The Herringers started the hybrid model three years ago, and with fewer overall clients today than three years ago, their revenue is still much higher selling higher-value memberships than it was selling group class-only memberships, Sarah explained.

  • “And our client retention is better because our members get more with us than they do elsewhere,” she said.

In Vernon, BC: At Forge Valley Fitness in Vernon, BC, Bonnie and Terrence Limbert’s clients are all on hybrid memberships that range between $195 and $249 a month, and like the Herringers, their memberships also include a combination of group classes and personal training. Further, Bonnie is a nutrition coach, who charges separately for nutrition coaching. 

Not only has switching from group class memberships to hybrid memberships helped drive their overall revenue, but they have also benefited the client, as well, Bonnie explained. 

  • They allow the coach to develop a deeper relationship with the member and the member to feel more connected to the coach and the gym,” she said, adding that hybrid memberships have also improved client attendance and accountability. 

Further, hybrid memberships have helped create a more individualized fitness plan for each client, as each person’s journey is “very specific and personalized,” all the while allowing the coaches to run “more efficient classes as the clients are able to develop new skills in one-on-one settings,” Bonnie added. 

In Scottsdale, AZ: Tim Lyons, a 14-year gym owner, goes so far as to suggest the group class-only model needs to go, as it’s detrimental to long-term financial success for the small gym owner. 

  • “$165 a month is too cheap. $199 is too cheap. I think in the next three to five years there will be more (gyms) closing than opening,” said Lyons, whose cheapest monthly membership at Legacy Personal Training is $429 a month. 
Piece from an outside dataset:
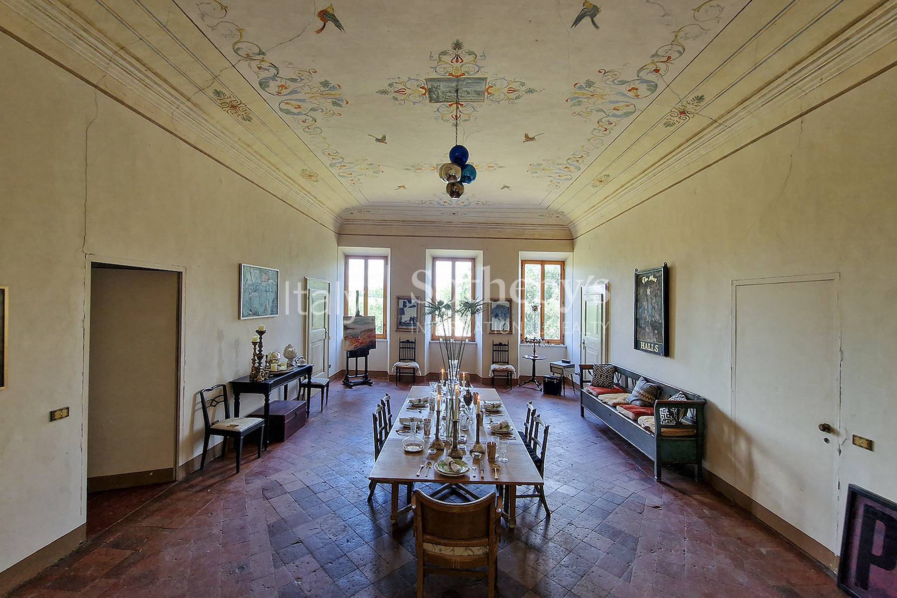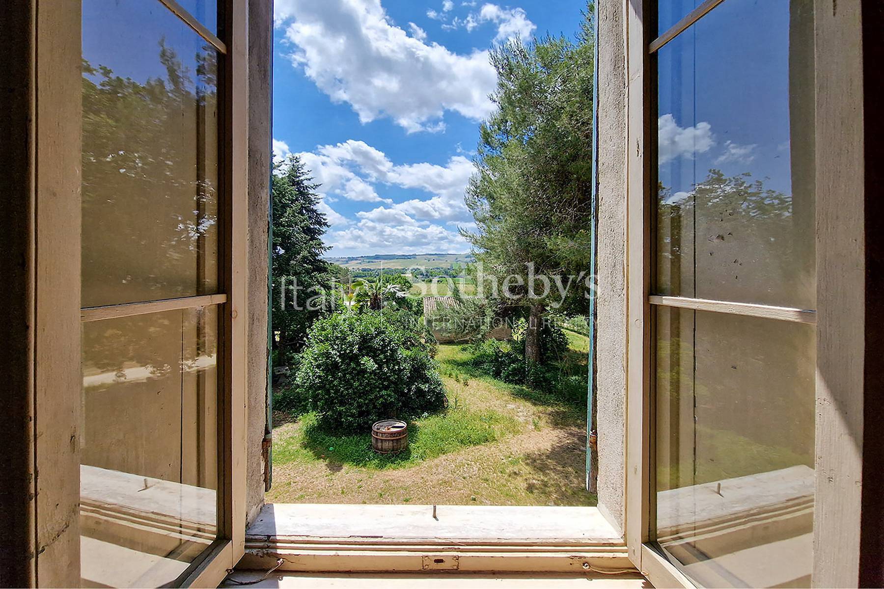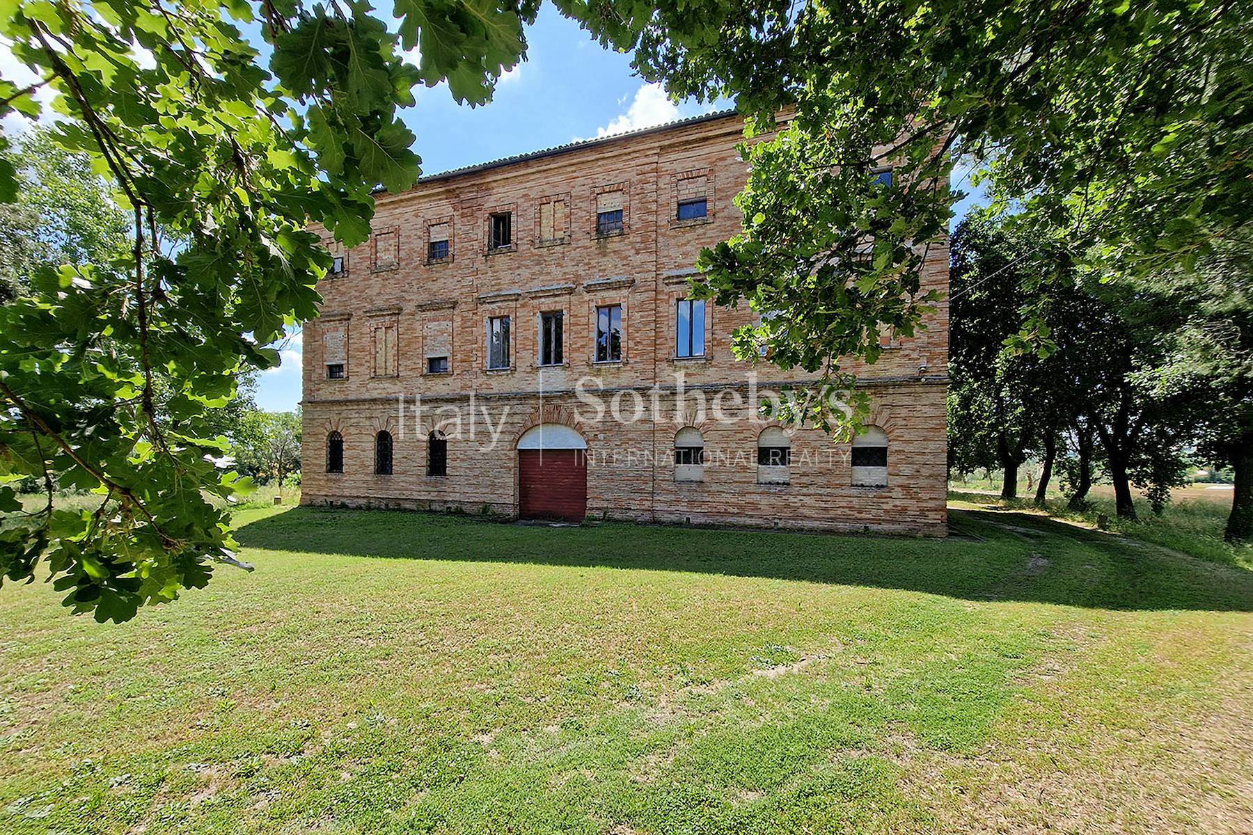 The imposing Villa Teja near Recanati, built by the Leopardi family (of which the poet Giacomo Leopoardi is its most famous member), is a quintessential example of a mid 19th century Villa with both farming and residential functions. The large ground floor rooms, where the farm machinery would have been housed, and the reception rooms and bedrooms on the upper floors are a testimony to the traditional ties noble families had to local agriculture from which they drew their wealth. Today, the villa, which still has that idyllic, Italian atmosphere, will make a magnificent family home or boutique hotel.The ground floor is divided in two by a corridor, big enough for a carriage and horses to pass through, running the entire length of the building and, on either side, are series of interconnecting high, vaulted rooms with brick floors.A wide elegant staircase leads to the first and second floors with identical floor plans, where there a several vaulted rooms with delicate frescoes and floors with terra cotta tiles arranged in geometric patterns.The property comes with a garden with mature trees and about 6500 m2 of agricultural land where olives and fruit trees have recently been planted.The structure of the 1250 mq villa is generally in good condition and electricity and water are already connected.

A gym mentor rings in: Audrey Patterson, a mentor with Madlab Business, recommends hybrid memberships to all her gym owner clients, as it means more revenue per member and the ability to “deliver a higher-value service to the client,” as more touchpoint with the coach “fosters deeper relationships,” she explained. Ultimately, this means clients stick around longer, which saves the gym owner even more money long-term.

  • “Retaining clients costs you nothing, while attracting new clients can cost you more time, marketing, coach time and payroll costs,” she said. 

For the business, hybrid memberships create more stability long term, as more loyal, high-value clients are now on recurring memberships. 

  • “Recurring memberships are the basis of consistent revenue generation and business sustainability. And if you can get your recurring memberships to include higher service via hybrid memberships then you immediately increase that revenue stability,” she added. 

The bottom line: If you’re a gym owner looking to increase average client value, overall revenue and client retention, offering more hybrid membership options could be your one-way ticket.

As PushPress owner Dan Uyemura said, most gym owners spend way too much time on trying to pick up new clients when what they really need to be successful “is in the gym already.”

So instead of pushing forward with your next marketing plan to drive new leads your way, it might be worth stepping back and revamping your group class membership model to a hybrid membership approach.